Anti-pattern Why it's bad Do this instead
Editing revision_history to "fix" a typo History is append-only — tampering destroys the audit trail Add a new revision that corrects the field
Skipping the state machine ("just set status to deployed") Bypasses validation and hides skipped phases Walk through in_progress -> implemented -> tested -> deployed
Creating one TC per file changed Fragments related work and explodes the registry One TC per logical unit (feature, fix, refactor)
Updating TC inline between every code edit Slows the main agent, wastes context Spawn a background subagent at milestones
Marking approved=true without approved_by Validator will reject; misleading audit trail Always set approved_by and approved_date together
Overwriting tc_record.json directly with a text editor Risks corruption mid-write and skips validation Use tc_update.py (atomic write + schema check)
Putting secrets in notes or evidence Records are committed to the repo Reference an env var or external secret store
Reusing TC IDs after deletion Breaks the sequential guarantee and confuses history Increment forward only — never recycle
Letting next_steps go stale Defeats the purpose of handoff Update on every milestone, even if it's "nothing changed"

Cross-References

  • engineering/changelog-generator — Generates Keep-a-Changelog release notes from Conventional Commits. Pair it with TC tracker: TC for the granular per-change audit trail, changelog for user-facing release notes.

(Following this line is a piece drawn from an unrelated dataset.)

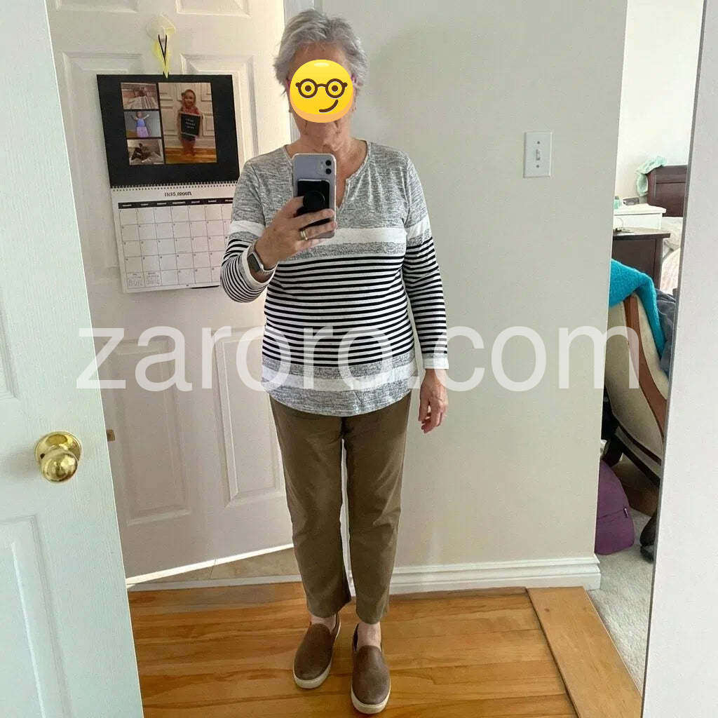 This Youthful Notched Neck Striped Print Long Sleeve Top combines a modern silhouette with timeless style. Designed with a distinctive notched neckline and classic horizontal stripes, it offers a refined yet casual look. The long sleeves provide comfort and versatility, making it a practical choice for layering or standalone wear. Ideal for everyday sophistication, this top complements both relaxed and polished outfits with ease.

  • engineering/tech-debt-tracker — For tracking long-lived debt items rather than discrete code changes.
  • engineering/focused-fix — When a bug fix needs systematic feature-wide repair, run /focused-fix first then capture the result as a TC.
  • project-management/decision-log — Architectural decisions made inside a TC's decisions_made block can also be promoted to a project-wide decision log.
  • engineering-team/code-reviewer — Pre-merge review fits naturally into the tested -> deployed transition; capture the reviewer in approval.approved_by.